An Alternative Treatment for Parkinson’s Patients
April is Parkinson’s Awareness Month and an opportune time to highlight the disease and how medical marijuana may be a beneficial treatment option for those living with the condition. Many Parkinson’s patients find themselves desperate for alternative treatment options that provide sufficient relief of their symptoms and help avoid or postpone the need for surgery down the road.
“Parkinson’s disease (PD) is a neurodegenerative disorder that affects predominantly dopamine-producing (“dopaminergic”) neurons in a specific area of the brain called the substantia nigra.” (parkinson.org). Symptoms of PD usually form over many years and the progression can vary from person to person. Some patients with PD may experience one or all of the following:
- Tremors, mainly when resting
- Bradykinesia, slow movements
- Limb rigidity, stiffness of the arms or legs beyond general aging or arthritis
- Gait and balance problems
In early signs of PD, patients may experience little to no expression on one side of the face, limited arm movement or soft or slurred speech. Overtime, the symptoms of Parkinson’s will increase. (mayoclinic.org) When diagnosing a patient with Parkinson’s, physicians will look at the patient’s medical history, review their signs and symptoms and conduct neurological and physical exams.
Current Treatments of Parkinson’s
Unfortunately, the cause of PD remains unknown with no known cure. However, medications and surgery do help reduce the symptoms. Parkinson’s may not directly cause death in patients, but complications from the disease can be very serious. “The Centers for Disease Control and Prevention (CDC) rated complications from PD as the 14th cause of death in the United States.” (parkinson.org).
In addition to medications and possible surgeries, physicians may suggest various lifestyle changes for their patients to help improve quality of life. “In some cases, physical therapy that focuses on balance and stretching is also important. A speech-language pathologist may help improve speech problems.” (mayoclinic.org)
Treating with Medical Cannabis
Although the medications that physicians prescribe to their patients can be helpful, there still seems to be a gap in the efficacy of these medications. Patients with PD are often eager to find alternative methods to help subdue their symptoms, which leads many to look into the therapeutic capabilities of medical marijuana.

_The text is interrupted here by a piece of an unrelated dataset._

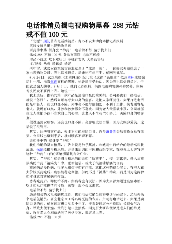 電話推銷員揭電視購(gòu)物黑幕 288元鉆戒不值100元(31.13KB)

“Our bodies make natural cannabinoids that control sleep, appetite, mood and other processes by binding to receptors throughout the body and brain. These receptors are found in particularly high numbers in the basal ganglia, a circuit of brain cells that controls movement and is affected in Parkinson’s. Because the cannabinoids in marijuana bind to the receptors in our body and brain, researchers have looked at whether they could bind to basal ganglia and other receptors to modify the course of PD or help ease symptoms of disease.” – michealjfox.org
Despite the constant struggle to get medical marijuana into clinical trials, a handful have been conducted based on the effects medical cannabis has on decreasing motor/non-motor symptoms and levodopa-induced dyskinesia (involuntary movements that may result with long-term use of levodopa and many years of living with PD). Unfortunately, due to strict federal restrictions, there is insufficient evidence to definitively say that medical marijuana and cannabinoids are an effective treatment for Parkinson’s. However, it’s recognized that there could be substantial benefit to introducing the plant into a PD patient’s treatment plan if they’re the right fit.